Resolving this limitation can be an independent change.

Maintainability

Similar to interpreters, this draft also shows that people that are involved in a custom probe could become code owner for their probe. This helps to keep the project in a maintainable state and engages people to contribute.

Configuration

Choosing names is notoriously difficult in programming. When this task involves configuration settings, the challenge becomes even greater. As individual features require individual configuration, introducing the concept of custom probes allows to have individual configuration per probe.

As an example, this draft can be compiled and used with the following OTel collector configuration:

receivers:
  profiling:
    custom_probes:
      oom: {}
      offcpu:
        threshold: 0.1

This configuration enables two custom probes, a very basic out-of-memory profiling probe, oom, that requires no configuration and off-CPU profiling, offcpu, with a threshold of 0.1.

Reporting values

At the moment, only the current implementation of off-CPU profiling allows reporting values along with collected stack traces. This draft lifts this limitation and replaces OffTimes with Values. Custom probes can benefit from this and also report a value, e.g. a cookie or something else, along with collected stack traces.

Note

Resolving this limitation can be an independent change.

Generic probe

Backends currently can not differentiate multiple events that were reported as TraceOriginProbe from package tracer. Therefore the idea is to introduce a custom probe that can be attached to hooks as needed and report with the correct information and make them distinguishable from other events of the same generic probe.

Next

As this draft is not intended to get merged in its current state, the idea is to get feedback on it and start a discussion. Is there interest in the introduction of custom probes and resolving the above listed limitations? Are there alternative options?

Memory profiling

Custom probes could enable language-specific memory profiling, acknowledging the diverse ways programming languages manage memory.

Process filtering

To address use cases requiring process-specific filtering, a custom probe could be implemented. This probe would trigger stack unwinding specifically for a configured process, allowing the general system sampling frequency to be reduced for all other activity.

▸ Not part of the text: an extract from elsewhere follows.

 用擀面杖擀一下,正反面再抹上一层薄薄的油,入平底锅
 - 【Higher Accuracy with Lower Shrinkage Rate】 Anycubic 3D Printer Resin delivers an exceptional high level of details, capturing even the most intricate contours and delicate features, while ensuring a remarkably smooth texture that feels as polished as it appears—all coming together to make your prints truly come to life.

For visibility @open-telemetry/ebpf-profiler-maintainers

> [!IMPORTANT]
> This is a preliminary draft intended to initiate discussion about potential changes and opportunities, not for immediate merging.

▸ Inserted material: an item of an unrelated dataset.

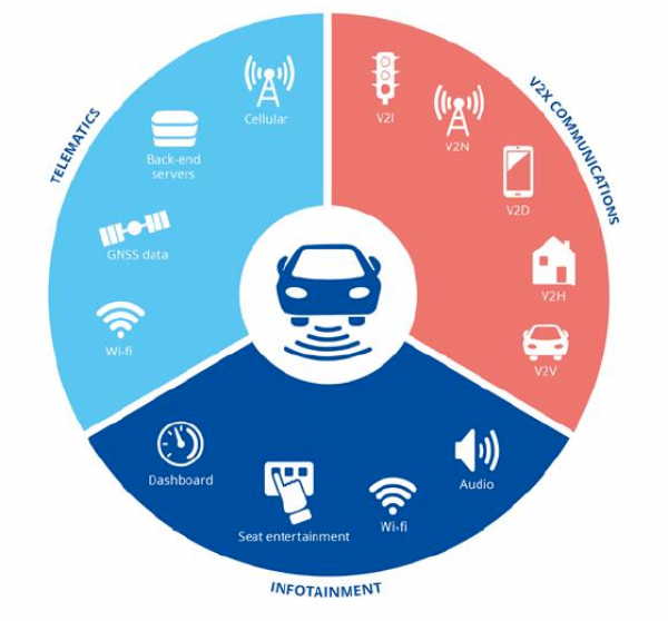 This data used to be processed and stored locally in the car. The growth of vehicle networking capabilities now allow cars to interact between themselves as well as with any other entity (V2X), such as traffic infrastructure (e.g. traffic lights), the vehicle manufacturer, other third-party service providers and other devices (e.g. smartphones), hence the name: “connected cars”. Some examples of connected car applications allow for remote control and diagnostics, mandatory notification of emergency services in case of an accident or assistance in finding available parking spaces.

Package `tracer` was initially designed and architected for continuous sampling-based profiling. The subsequent addition of off-CPU and generic probe profiling capabilities has increased the complexity of the codebase. Given that requests for further features, such as memory profiling or process-specific profiling, are regular occurrences, a discussion is necessary to determine how to incorporate these additions while ensuring package `tracer` remains reliable and maintainable. For this purpose this draft addresses identified limitations and showcases a possible option.

Limitations
========

This draft showcases some potential options for current limitations.

Hard coded origin IDs
---------------------

The current mechanism for sending stack traces from the tracer package via the reporter package relies on hardcoded origin IDs. This draft proposes removing these hardcoded IDs. Instead, it introduces an API within the reporter package, allowing the tracer package to register known origin IDs and provide associated metadata to the reporter.

> [!NOTE]
> Resolving this limitation can be an independent change.

Maintainability
---------------

Similar to interpreters, this draft also shows that people that are involved in a custom probe could become code owner for their probe. This helps to keep the project in a maintainable state and engages people to contribute.

Configuration
-------------

Choosing names is notoriously difficult in programming. When this task involves configuration settings, the challenge becomes even greater. As individual features require individual configuration, introducing the concept of custom probes allows to have individual configuration per probe.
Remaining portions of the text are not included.